We collected salary data from the 2022-2023 NBA season, referencing a dataset from Kaggle: https://www.kaggle.com/datasets/jamiewelsh2/nba-player-salaries-2022-23-season. Our pre-processing steps include:
- Handling Missing Data: Ensuring completeness of our dataset.
- Outlier Removal: Removing players with fewer than 20 games played to eliminate anomalies, such as season-ending injuries or short-term contracts.
- Normalization: Scaling data for better model performance.
We explored relationships between salary and various performance metrics, such as VORP (Value Over Replacement Player), to identify key predictors. Our visualizations can be seen in the folder labeled 'charts'
We utilized multiple machine learning models, including:
- Linear Regression
- Decision Trees
- Random Forests
- Elastic Net
- XG Boost
We also performed hyperparameter tuning for XGBoost using Bayesian search.
K-fold cross-validation was implemented for better performance on our training data.
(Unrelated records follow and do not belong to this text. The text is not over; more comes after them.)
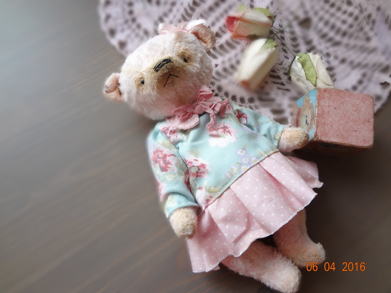 Очень люблю шебби стиль и вот в очередной раз сшила мишку тедди в этом стиле. Люсенька получилась немного грустной и трогательной. Сшита из вискозы пыльно-розового цвета. Внутри опилочки и металлический гранулят.Шплинтовое крепление,голова плавно покачивается. Сидит мишка уверенно,стоит с поддержкой. Мишка тонирована художественными масляными красками.Люсенька одета в платье из хлопка,украшенное воротничком и бантиком. Мишка сшита полностью вручную с большой любовью и теплом. авторская выкройка.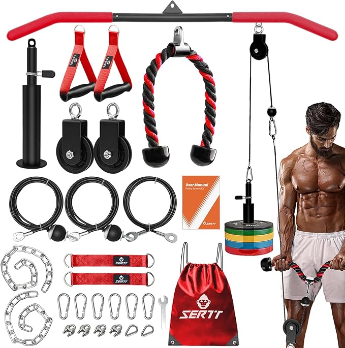 SERTT Home Gym Pulley System - Tricep Workout, Lat Pulldown, Biceps Curl, Triceps, Shoulders, Back, Forearm, Weight Cable for Squat Rack, Garage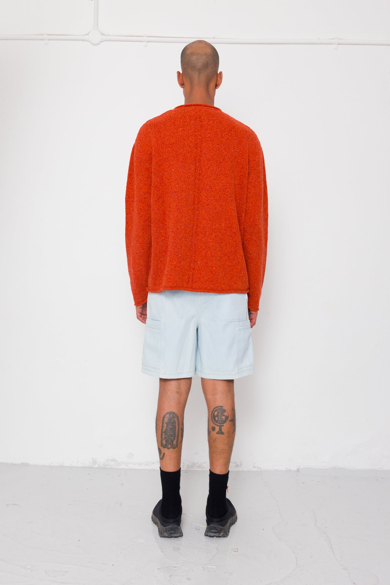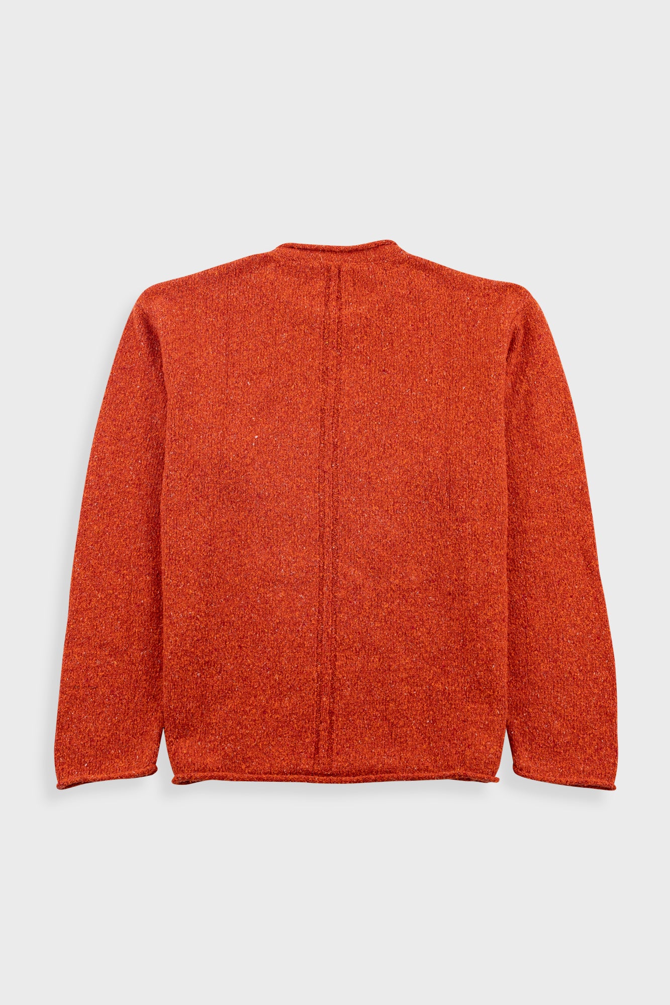 An easy wear layer for the warmer months, designed with raw cast off seems for a relaxed, natural look. This garment is made using summery cotton linen blended yarns and has nep detailing across its surface.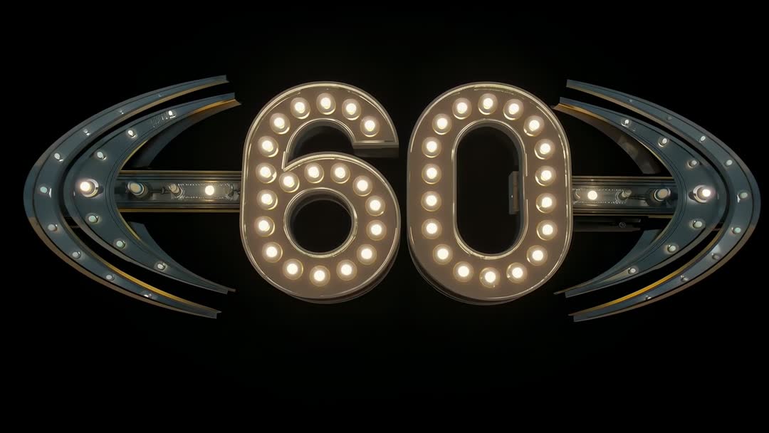 AI Generated Image. Video frame showing large illuminated 60 formed from circular warm bulbs sitting on metal backplate with curved metallic arcs flanking each side, bulbs pulsing and reflections shifting against deep black background, creating dramatic contrast and cinematic mood. Composition favoring symmetry and negative space, allowing easy text overlay and cropping. Using for event promotion, 60th anniversary and birthday milestone visuals, theater or cinema branding, stage show intros, countdown sequences, social media shorts, website hero banners, print posters, invitations, digital signage. Offering loop-friendly motion for ambient background, scalable for high-resolution print, color-grading friendly for warm vintage look, adaptable for multiple aspect ratios and easy integration into branded motion graphics.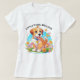 T-shirt femme avec photo d'un mignon chiot assis au milieu des fleurs. Il semble très heureux d'être entouré de fleurs et de papillons.Le cadeau parfait pour donner à ceux qui aiment les chiens chiots. Le slogan est "Petites pattes, Grand amour". Contient du contenu génératif.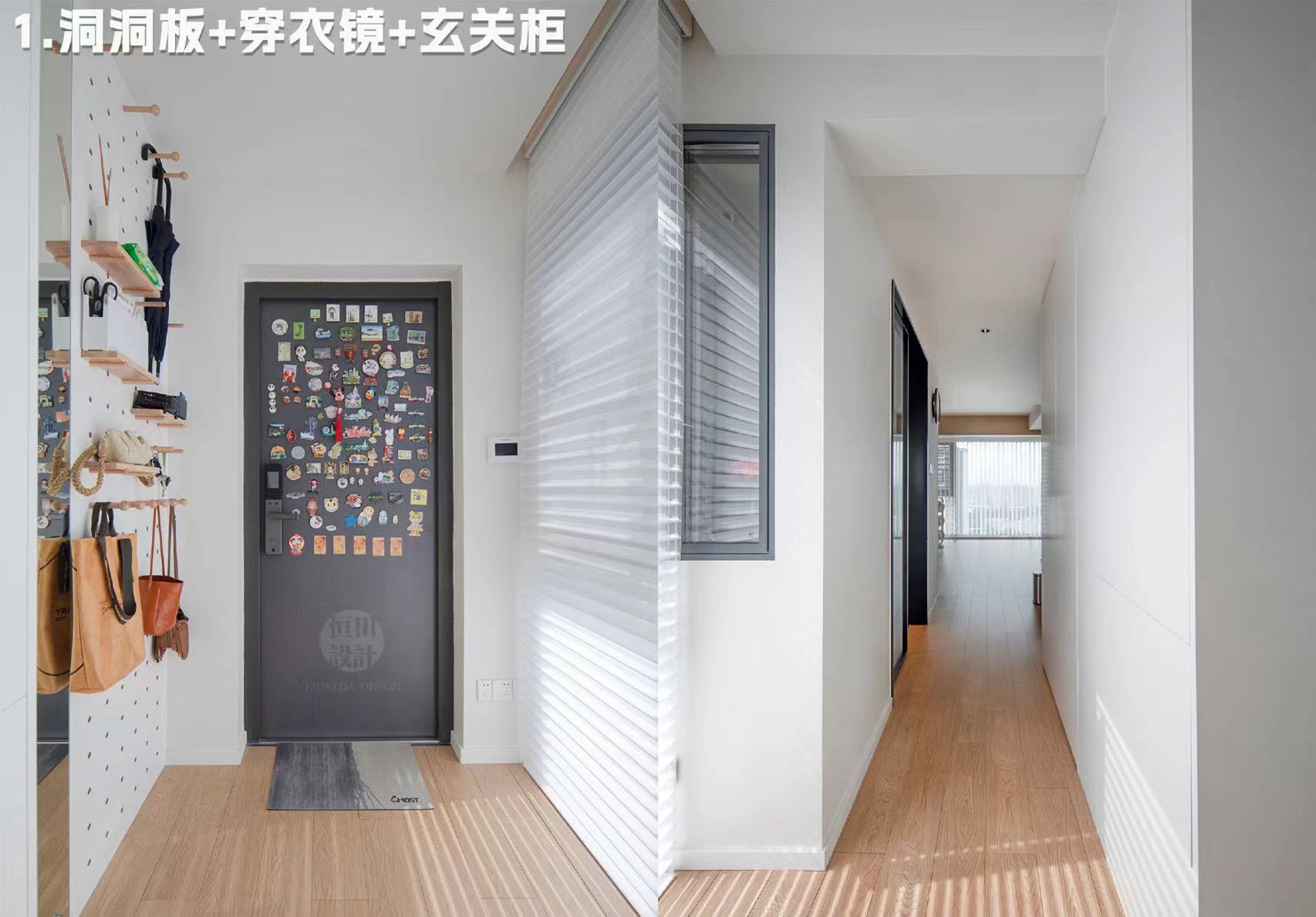 ◾入户右侧安排一整面洞洞板,挂钩搭配置物架,随身物品一挂一放,顺手又方便,内嵌穿衣镜,方便着装打扮,同时还能放大空间。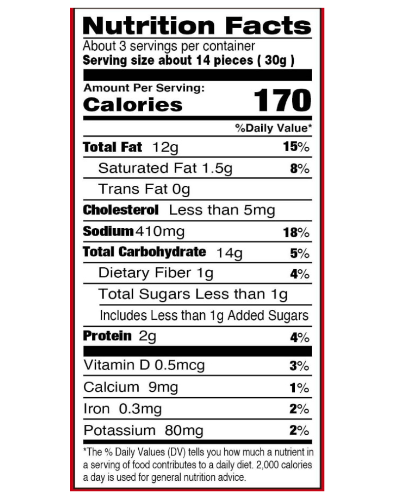 - 栄養成分表示(100gあたり)エネルギー 559kcal たんぱく質 6.3g 脂質 37.8g 炭水化物 50.5g 食塩相当量 2.3g(推定値)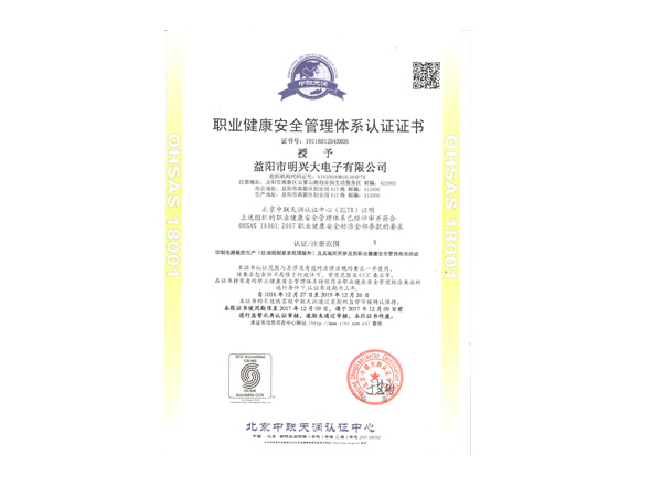 職業(yè)健康安全管理體系認(rèn)證證書(中文)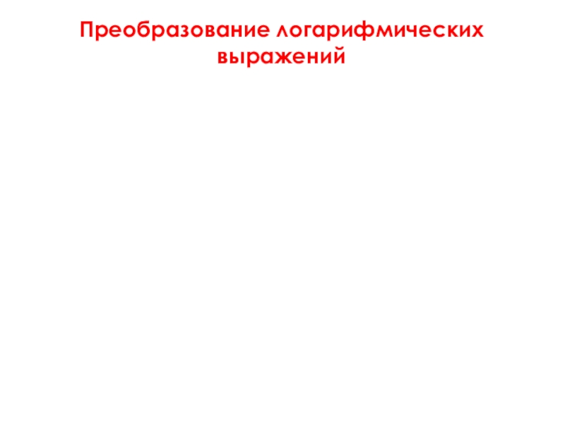 Слайд 5Преобразование логарифмических выражений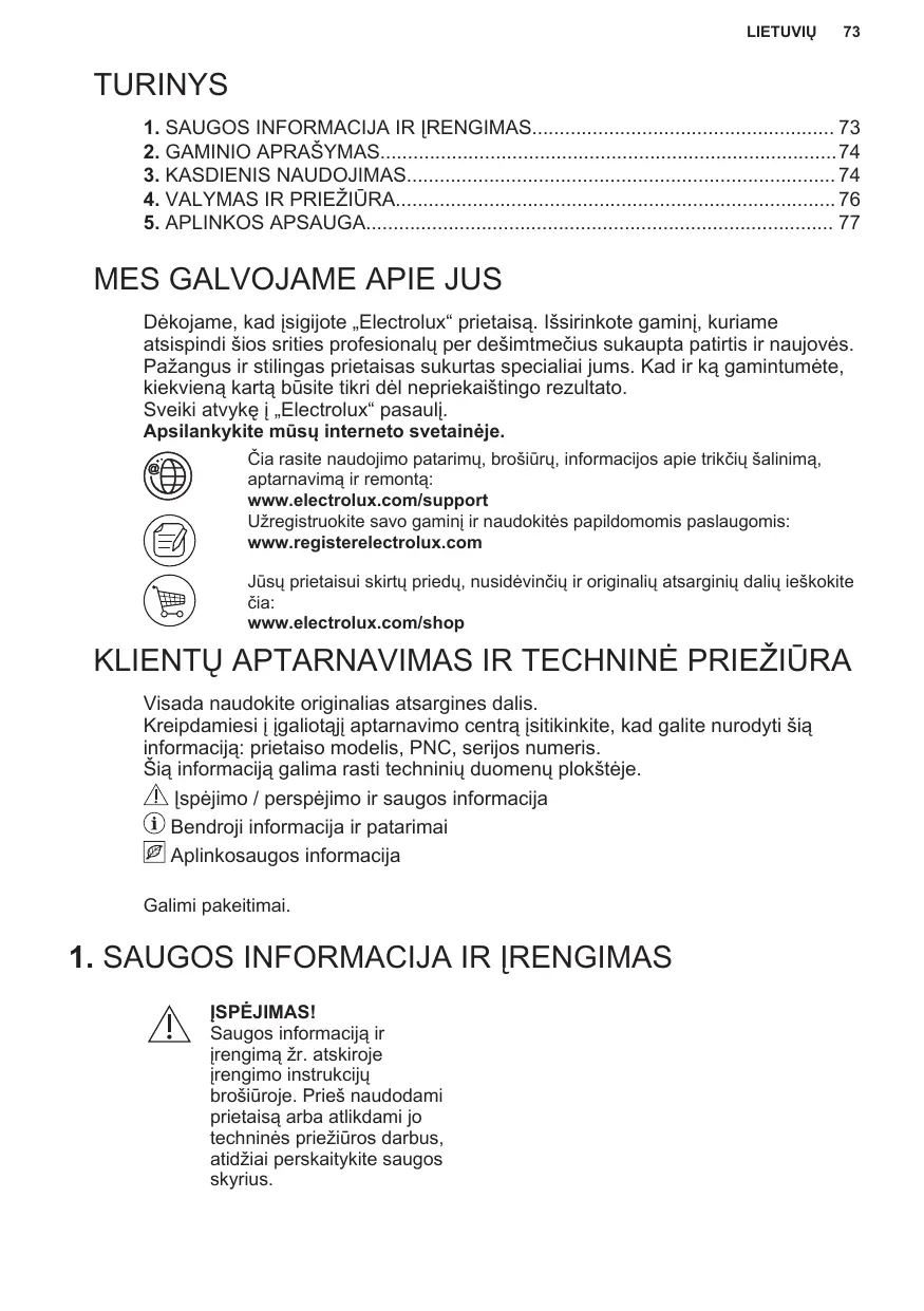 Dėkojame, kad įsigijote „Electrolux“ prietaisą. Išsirinkote gaminį, kuriame atsispindi šios srities profesionalų per dešimtmečius sukaupta patirtis ir naujovės. Pažangus ir stilingas prietaisas sukurtas specialiai jums. Kad ir ką gamintumėte, kiekvieną kartą būsite tikri dėl nepriekaištingo rezultato. Sveiki atvykę į „Electrolux“ pasaulį. Apsilankykite mūsų interneto svetainėje. Čia rasite naudojimo patarimų, brošiūrų, informacijos apie trikčių šalinimą, aptarnavimą ir remontą: www.electrolux.com/support Užregistruokite savo gaminį ir naudokitės papildomomis paslaugomis: www.registerelectrolux.com Jūsų prietaisui skirtų priedų, nusidėvinčių ir originalių atsarginių dalių ieškokite čia: www.electrolux.com/shop KLIENTŲ APTARNAVIMAS IR TECHNINĖ PRIEŽIŪRA Visada naudokite originalias atsargines dalis. Kreipdamiesi į įgaliotąjį aptarnavimo centrą įsitikinkite, kad galite nurodyti šią informaciją: prietaiso modelis, PNC, serijos numeris. Šią informaciją galima rasti techninių duomenų plokštėje. Įspėjimo / perspėjimo ir saugos informacija Bendroji informacija ir patarimai Aplinkosaugos informacija Galimi pakeitimai.
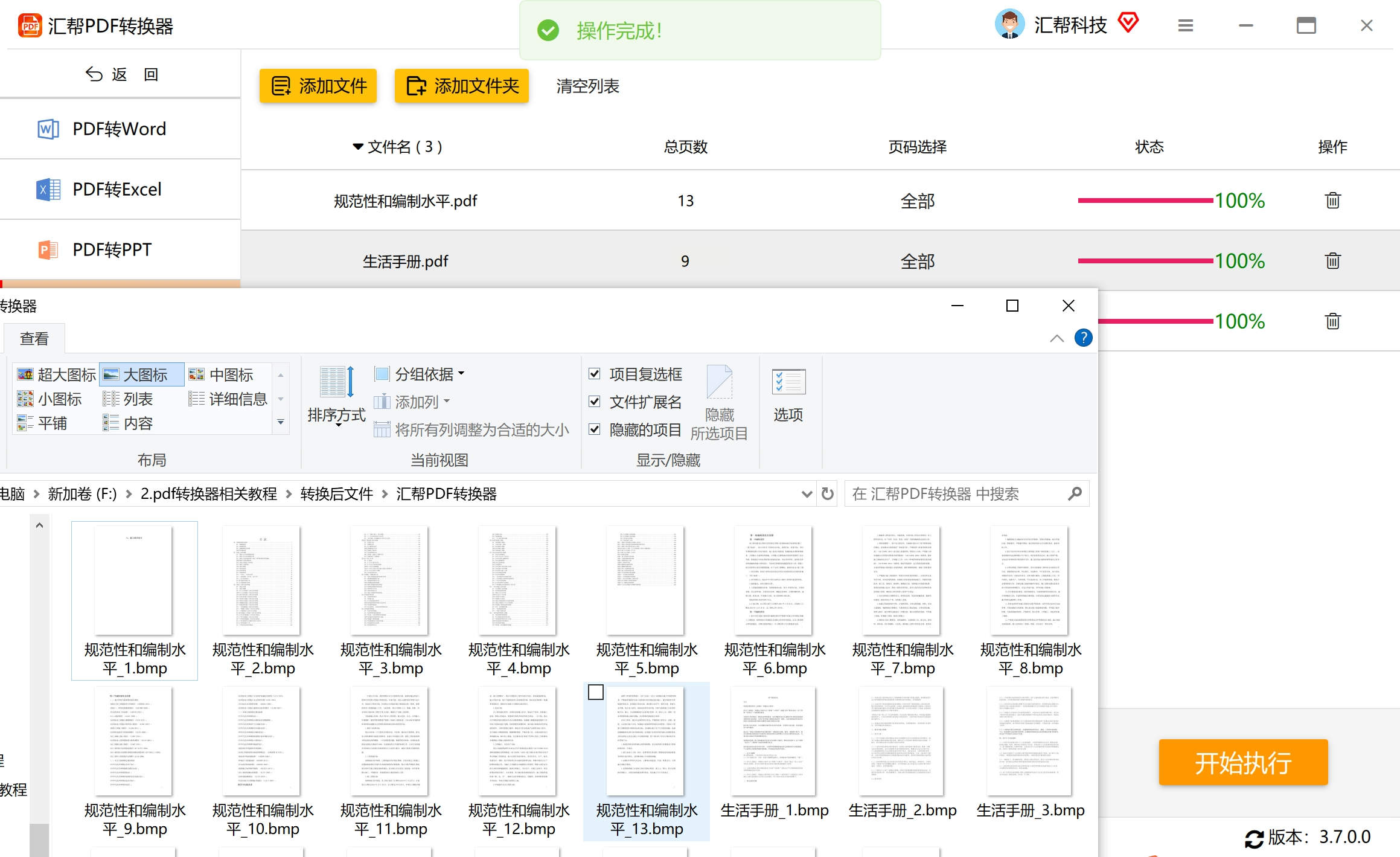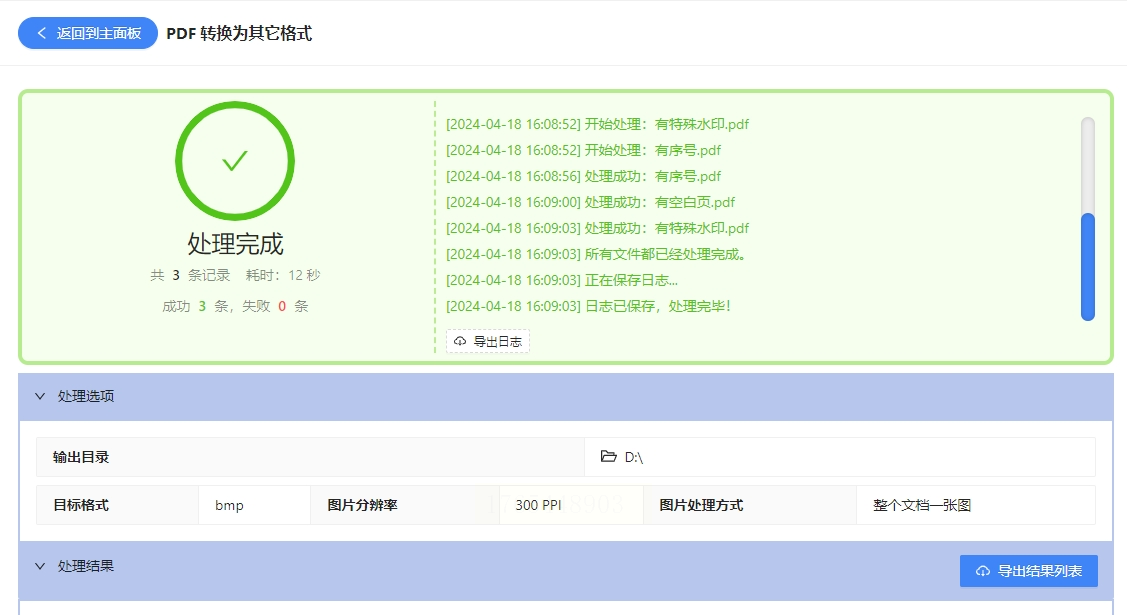 5. 完成验证与输出管理:转换完成后,软件会弹出提示框并显示“处理完成,全部成功”或类似信息。您可以点击“打开输出文件夹”直接查看转换结果。建议按照原始PDF文件名检查生成的BMP文件,确保每个页面都正确转换。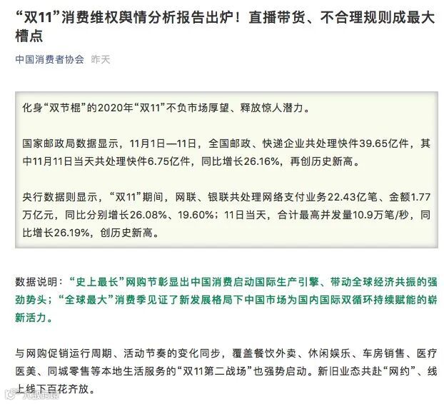 基于对10月20日—11月15日期间相关消费维权情况的网络大数据舆情分析,中国消费者协会微信公众号近日发布《“双11”消费维权舆情分析报告》(以下简称“《报告》”)。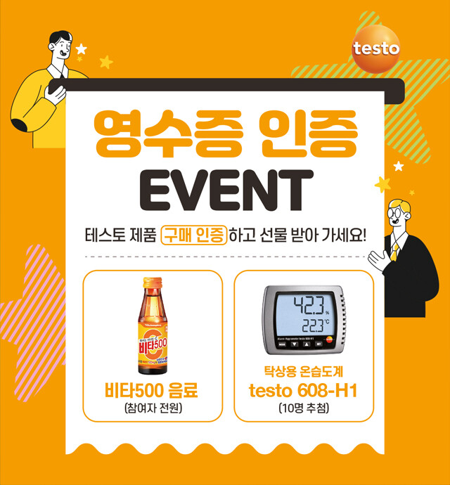 테스토코리아는 2021년 이후 테스토 제품을 구매한 고객을 대상으로 구매 영수증을 인증한 고객 전원에게 비타 500을 증정하고 참여자 중 10명을 추첨해 탁상용 온습도계 테스토 608-H1을 증정한다.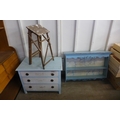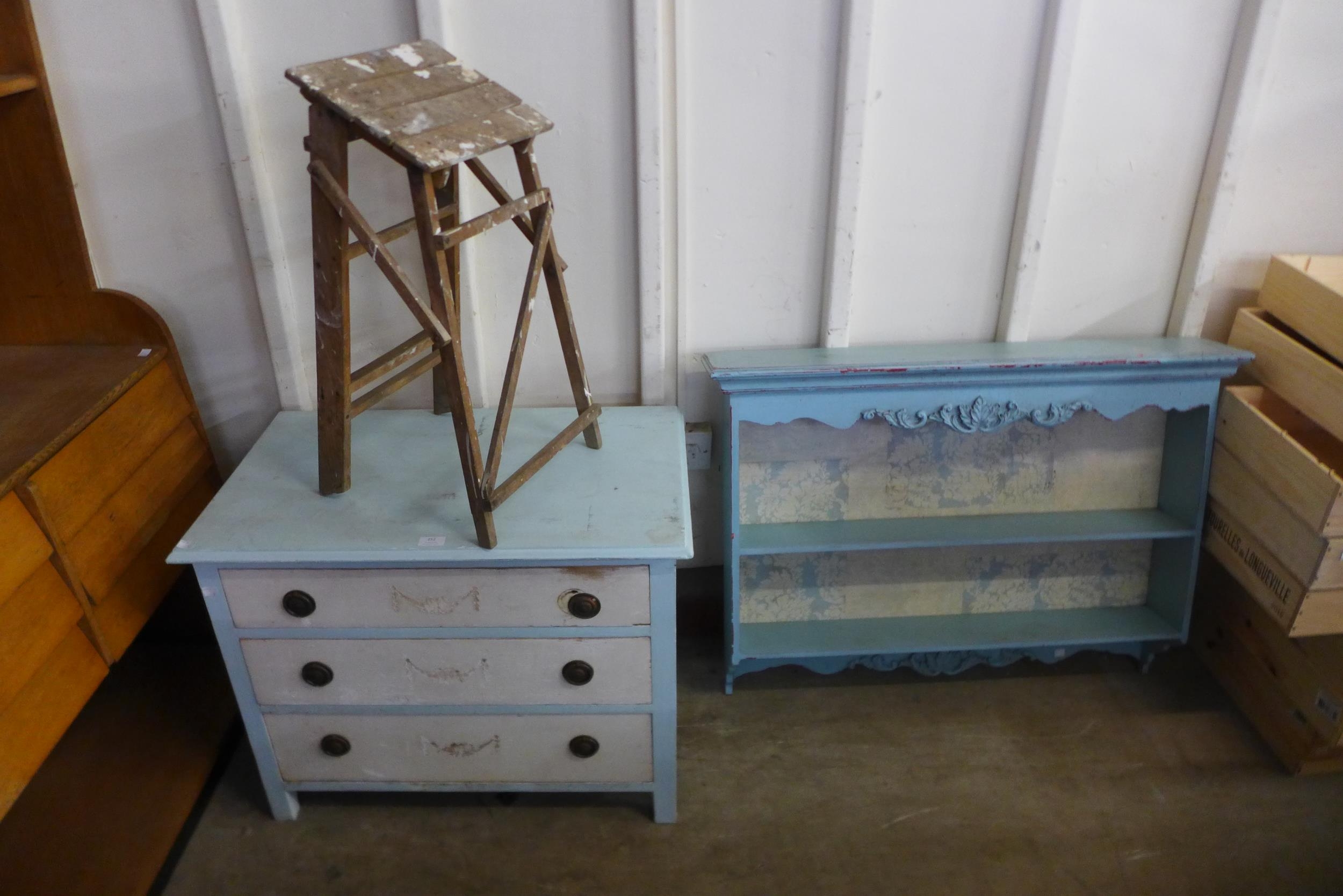 A painted chest of drawers, a painted pine wall rack and a set of small steps

In addition to individual models, we experimented with meta-models:
- Stacking Regressors: Combining predictions from multiple models to improve overall performance.
- Voting Regressors: Using an ensemble approach to aggregate predictions from several base models for more accurate results.
Each model was evaluated based on their RMSE and StDev.
The project concludes with a comparison of model performances, highlighting the best-performing model for salary prediction based on our analysis. Random Forest became our best-performing model, with XGBoost following as a close second.
In our variable importance analysis for our top 2 performing models, we found that features like Age and TotalMinutes were highly valued when predicting salary. This is mostly because someone who has played in the NBA for an extended period of time is likely to receive a higher salary.
This analysis provides insights into which factors most significantly impact NBA player salaries and offers a predictive framework for future salary estimations.